NICE has published final draft guidelines now supporting the use of AstraZeneca’s Lynparza on the NHS in England and Wales, marking the first time a cancer drug targeting an inherited genetic fault will be made available on the health service.

The Institute said it intends to recommend the drug for maintenance treatment of relapsed platinum-sensitive ovarian, fallopian tube and peritoneal cancer, in people who have tested positive for the BRCA1 or BRCA2 mutations, and whose disease has responded to platinum-based chemotherapy.

Specifically, the draft recommendations also stipulate that Lynparza (olaparib) should be available for people only if they have had three or more courses of platinum-based chemotherapy, and that the drug cost for people who remain on treatment after 15 months is met by the company.

The Institute had initially rejected the drug’s use earlier in the treatment pathway, and then asked AZ or more info on its use in patients with relapsed disease who have had three or more courses of platinum-based chemotherapy. The analysis supplied by the company included both a patient access scheme and a proposed reduction to the list price, which allowed the draft guidance to move from potentially not recommending the drug to instead saying that Lynparza should be available for this subset.

For this subgroup, the Committee accepted that the most plausible incremental cost-effectiveness ratios were £46,600 to £46,800 per QALY gained, and that there was enough evidence to suggest that the drug met the end-of-life criteria.

A 'defining moment'

Paul Workman, chief executive of The Institute of Cancer Research said "it’s great news that NICE has changed its decision, and made olaparib available for women with BRCA-mutated ovarian cancer”. Its approval is “a defining moment in the history of targeted cancer treatments, although it is still frustrating that under the terms of the judgement patients cannot benefit until they have had at least three rounds of chemotherapy”.
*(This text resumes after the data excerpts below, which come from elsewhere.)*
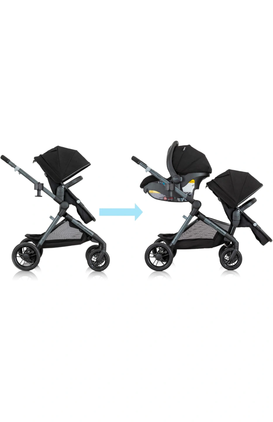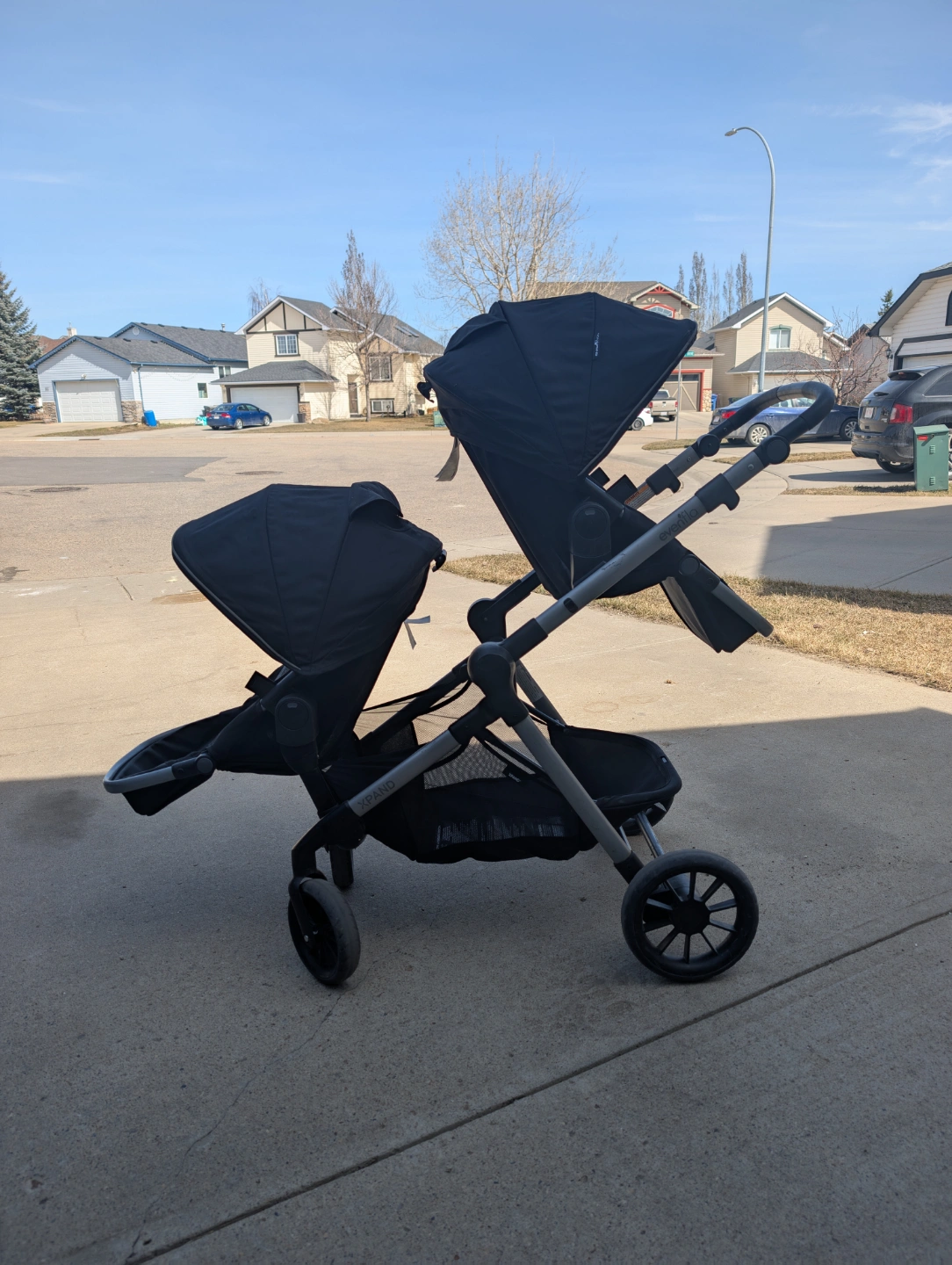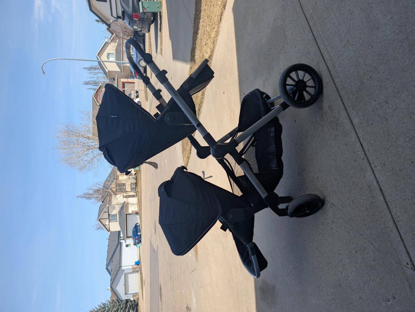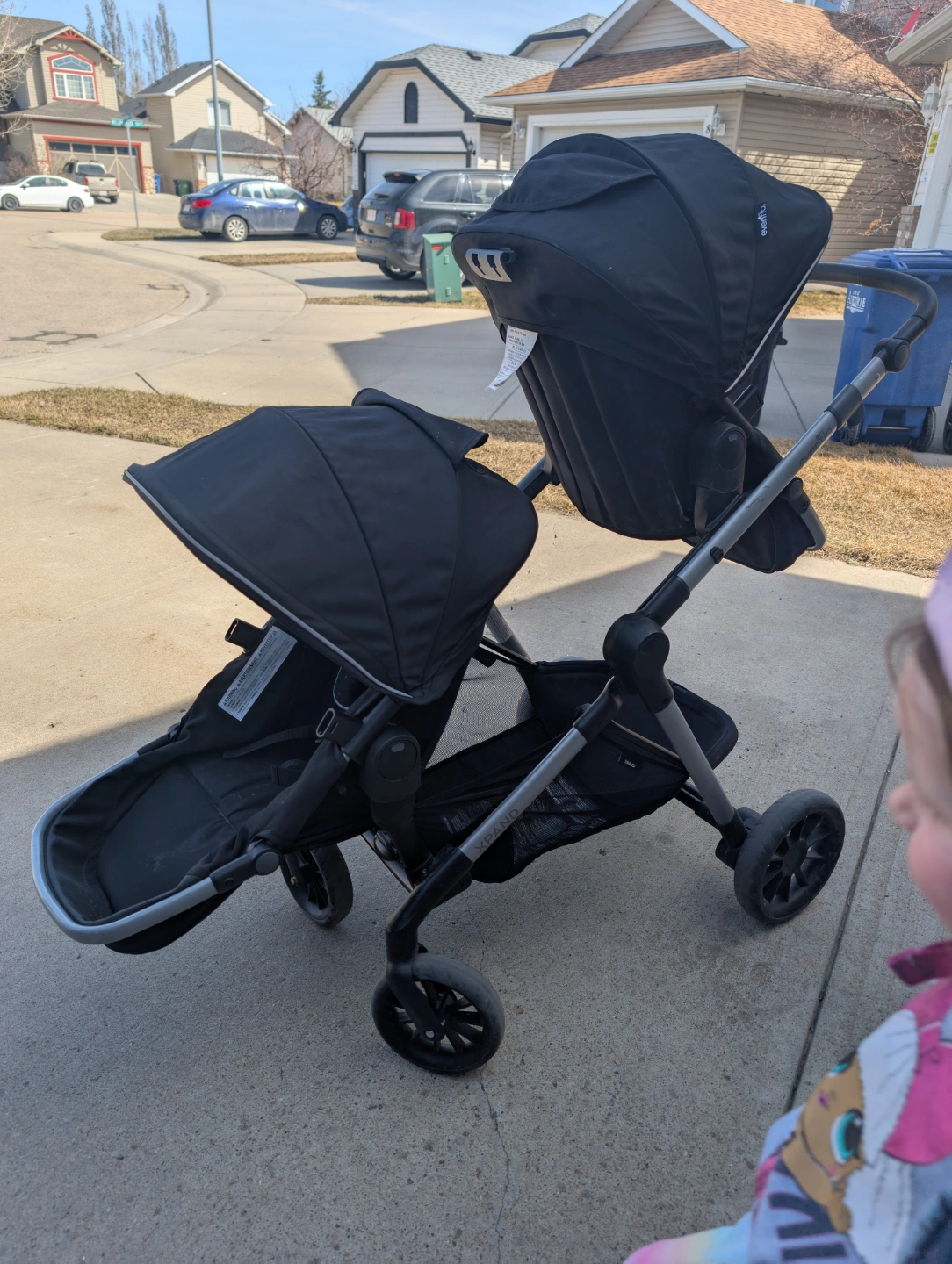 Pivot explore Xpand, come with 2 bassent to toddler seats with lots of options for laying or even putting your feet up and just relaxing while eating your favorite snacks.
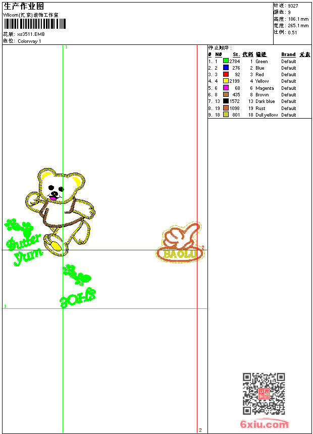 - 版带文件需绣花软件方可打开,可配色打印导出各种格式或直接上机绣。如无绣花软件可下载1:1模拟效果图。
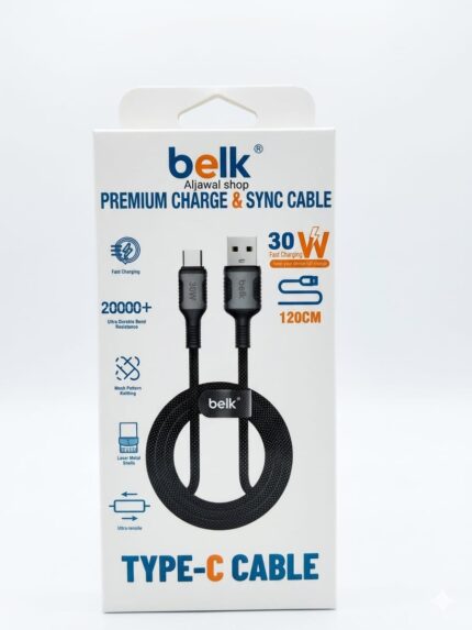 كابل BELK بقوة 30 واط من النوع C إلى Lightning، بطول 120 cm، يدعم الشحن السريع PD ونقل البيانات
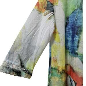 Jess & Jane Colorful Abstract Tunic Top Size M Lagenlook Pockets Made in USA
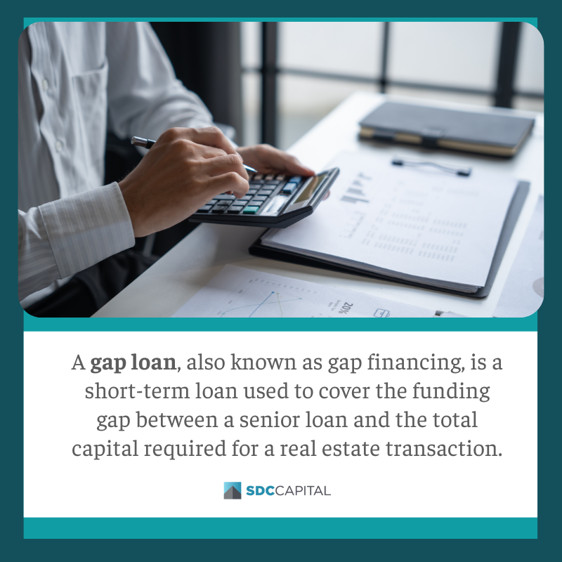 A gap loan, also known as gap financing, is a short-term loan used to cover the funding gap between a senior loan and the total capital required for a real estate transaction.

Up to 21% of women with the most aggressive form of ovarian cancer have the genetic BRCA mutation and it is this patient group for whom olaparib is licensed, the only other options are chemotherapy or surgery.

Ovarian cancer is a serious and life-threatening condition that causes more than 4,000 deaths in the UK every year. But the UK’s survival rate lags well behind other major European countries, with England having the lowest five-year survival rate in Europe. 

While NICE’s decision to endorse Lynparza “will be welcomed by all those involved in treating and supporting women with this disease, it is disappointing that the decision has taken so long and some will still not have access,” said Jonathan Ledermann, Professor of Medical Oncology at the University College London Cancer Institute and lead olaparib clinical trial investigator.